In the long term, the Arvados team hopes to support hospitals and other care centers that are processing greater and greater volumes of biological data. That includes genomes, but also imaging data for pathology and sensors on medical devices. Right now, the few medical centers that are taking systematic approaches to big biological data face the same kinds of problems that have plagued electronic health records, where a huge assortment of vendors and few common standards make it difficult to meaningfully mine or share information.
“There is no way you’re going to realize this vision for a federation of hospitals and bioinformatics cores sharing data if you don’t have open source software,” says Berrey. “It’s just not going to happen on proprietary systems.”
While a few customers in Curoverse’s private beta, such as Johns Hopkins University and Harvard Medical School, have clinical operations that could eventually migrate to Arvados, so far they have used the platform for research purposes. Today’s public launch also opens the door for more medical centers to dip their toes in Arvados, although it’s unlikely that any users will make the leap to the clinical setting right away.
To deploy Arvados, Curoverse has entered a partnership with Intel, which will provide hardware pre-loaded with the Arvados platform to users who want to run the program on local clusters. Curoverse is also offering a cloud deployment, run through the Amazon and Google clouds, or hybrid solutions for users who want to keep their private data on-premise while analyzing public data over the web.
As open source software, Arvados is also free for anyone to download and modify on their own hardware. The software licenses for the Arvados project are intentionally lenient, giving third parties the option to write proprietary tools on top of the open source foundations. Berrey sees this as good for both genomics as a whole and Curoverse’s business, by encouraging wider adoption of the platform; his company will also offer support and training to users who want to download Arvados on their existing clusters.
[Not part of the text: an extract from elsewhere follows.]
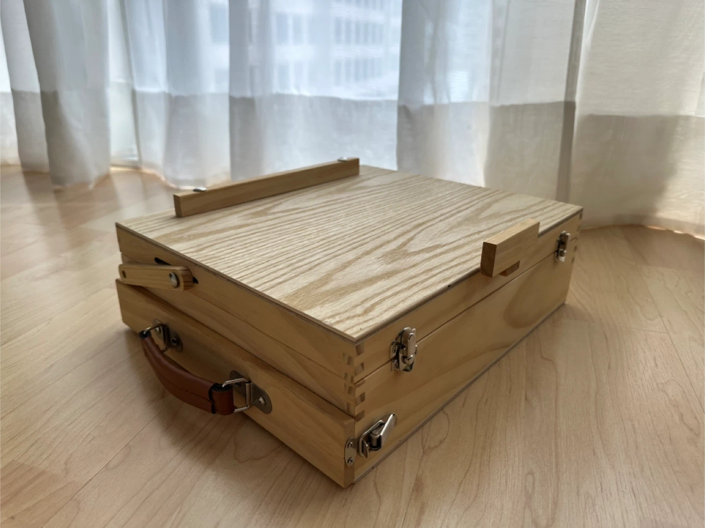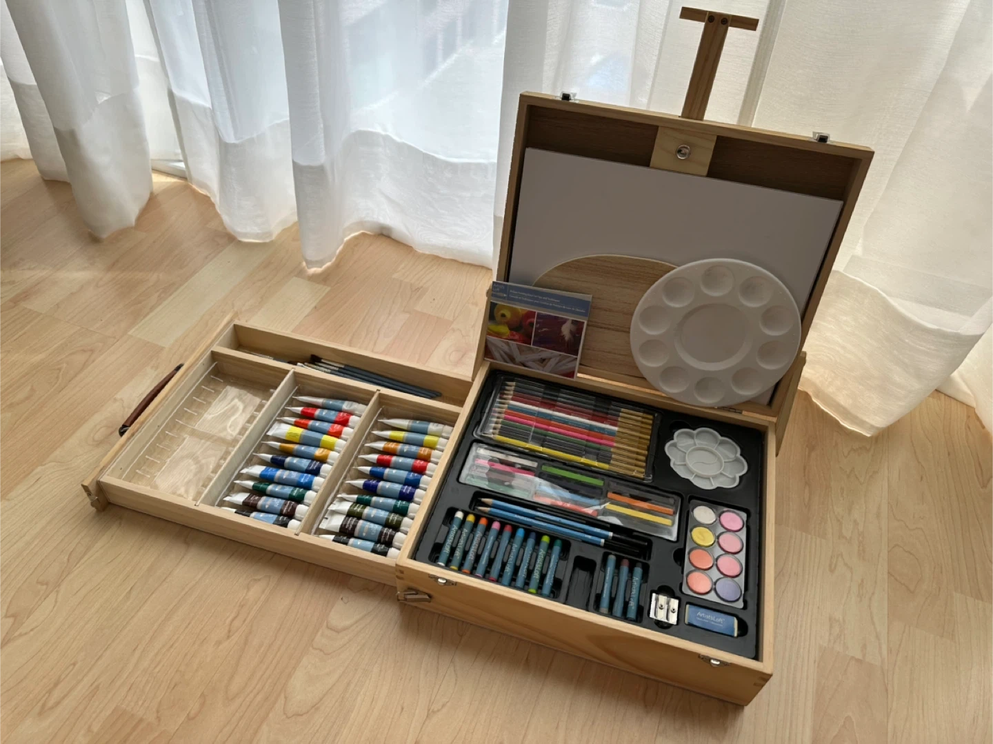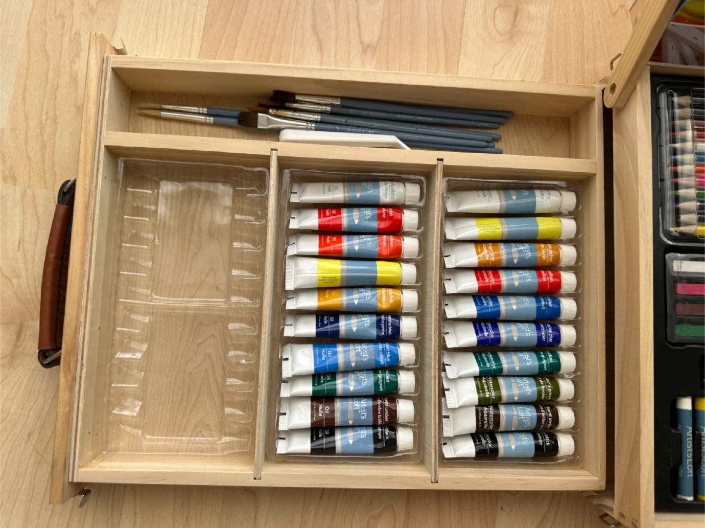 This Artist’s Loft art set comes in a wooden case. Acrylic paint is not included, but the other tubes are unopened. The condition of the remaining items can be seen in the photos.

Meanwhile, even as Curoverse gears up for its first paid contracts in the second half of 2015, the company is still looking for new areas where Arvados can support the mission of GA4GH. The team’s next project, Berrey hints, will deal with new methods for storing data on genetic variants — current file types are hard to query, and have blind spots when it comes to large structural variation in the genome.
“Our goal is to create infrastructure where you could take a million whole genomes and do machine learning at extremely high speeds, and you could do extremely complex genotyping queries in sub-seconds,” Berrey says. “We think it’s possible to store the data that way.”
Whether or not Arvados does become the standard operating system for personalized medicine, it’s encouraging to see a company betting big on the GA4GH vision. The computing architecture for genomics is due for an overhaul, and Curoverse plans to be at the ground floor when research institutions start to rebuild.